- Required action -
What is wanted is every line below from the one with "Figure 1: Aerial" up to and including the one with "New Type Turning Drum", retyped exactly, pictures excluded, nothing else.

- Input for this task -
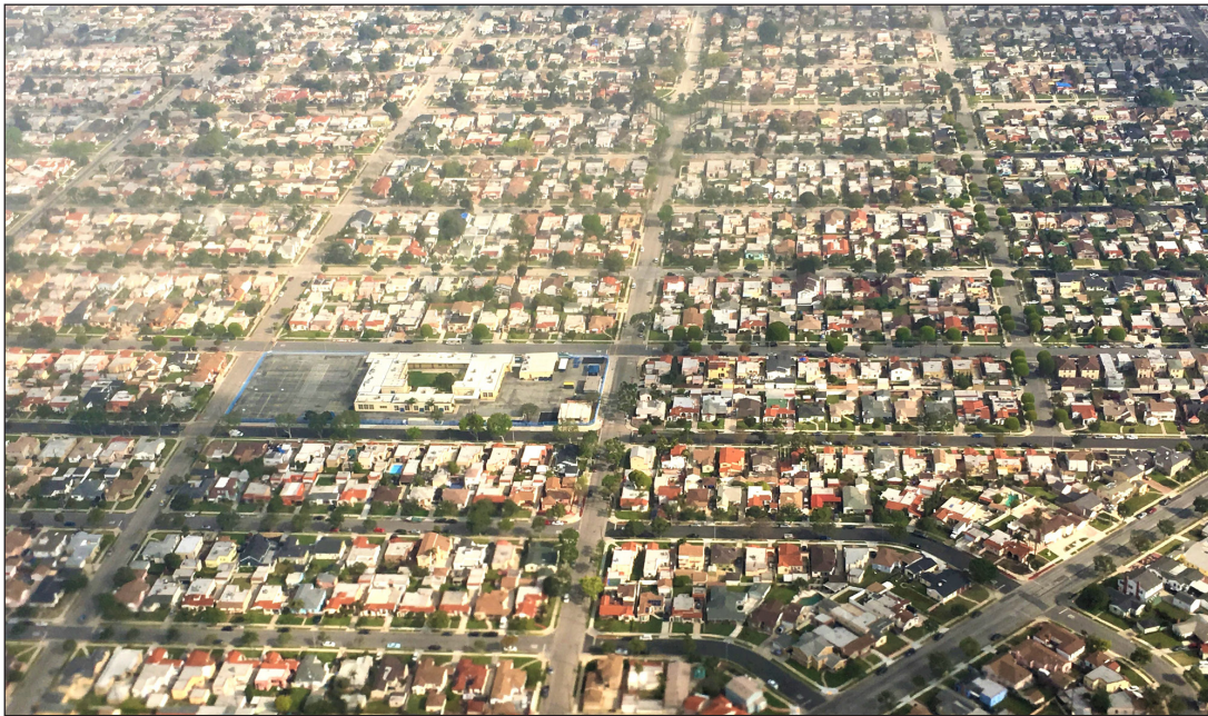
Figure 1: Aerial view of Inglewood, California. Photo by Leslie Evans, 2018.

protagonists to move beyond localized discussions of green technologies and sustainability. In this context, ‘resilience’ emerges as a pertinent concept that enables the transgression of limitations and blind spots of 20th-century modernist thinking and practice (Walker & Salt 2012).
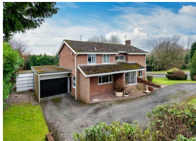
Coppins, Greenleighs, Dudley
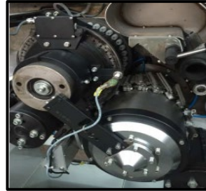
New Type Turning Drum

* * *

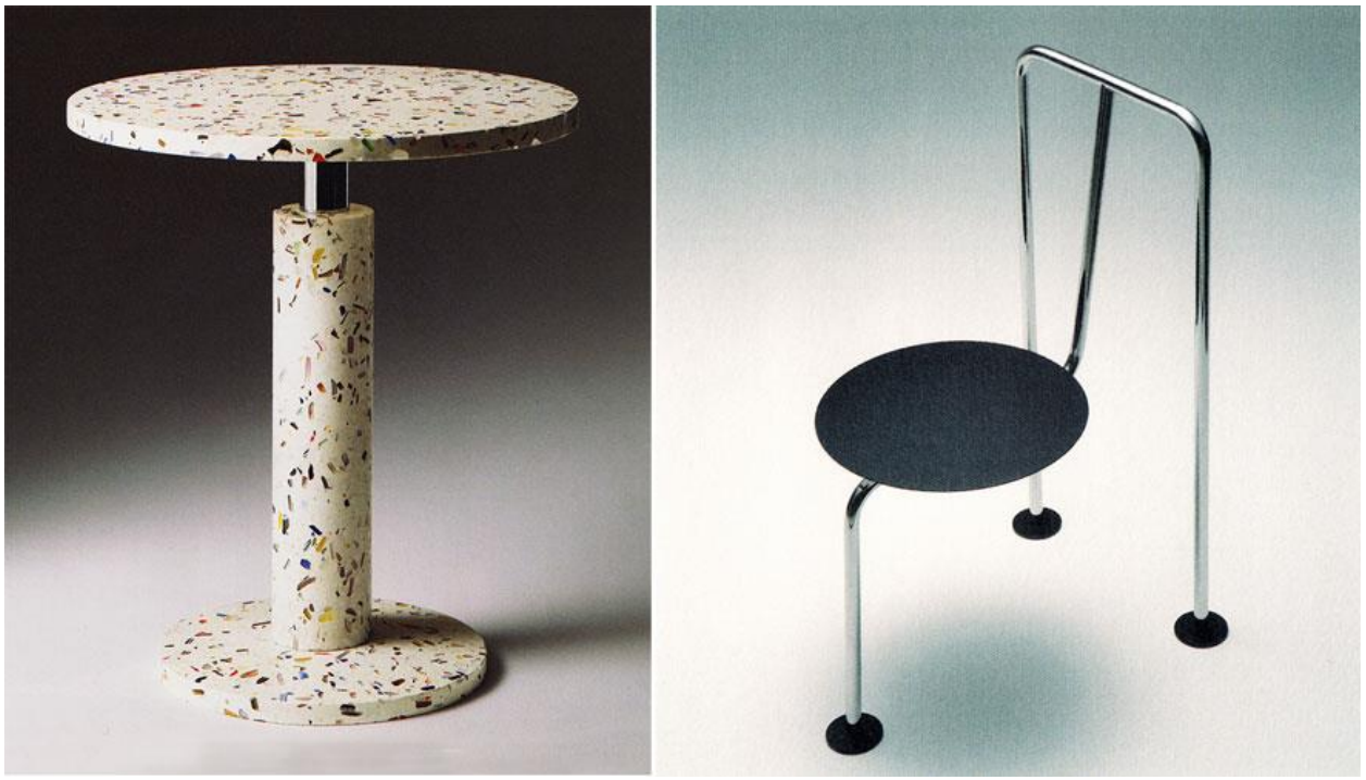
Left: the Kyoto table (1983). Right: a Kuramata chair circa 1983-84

- Result for this exercise -
Figure 1: Aerial view of Inglewood, California. Photo by Leslie Evans, 2018.

protagonists to move beyond localized discussions of green technologies and sustainability. In this context, ‘resilience’ emerges as a pertinent concept that enables the transgression of limitations and blind spots of 20th-century modernist thinking and practice (Walker & Salt 2012).
Coppins, Greenleighs, Dudley
New Type Turning Drum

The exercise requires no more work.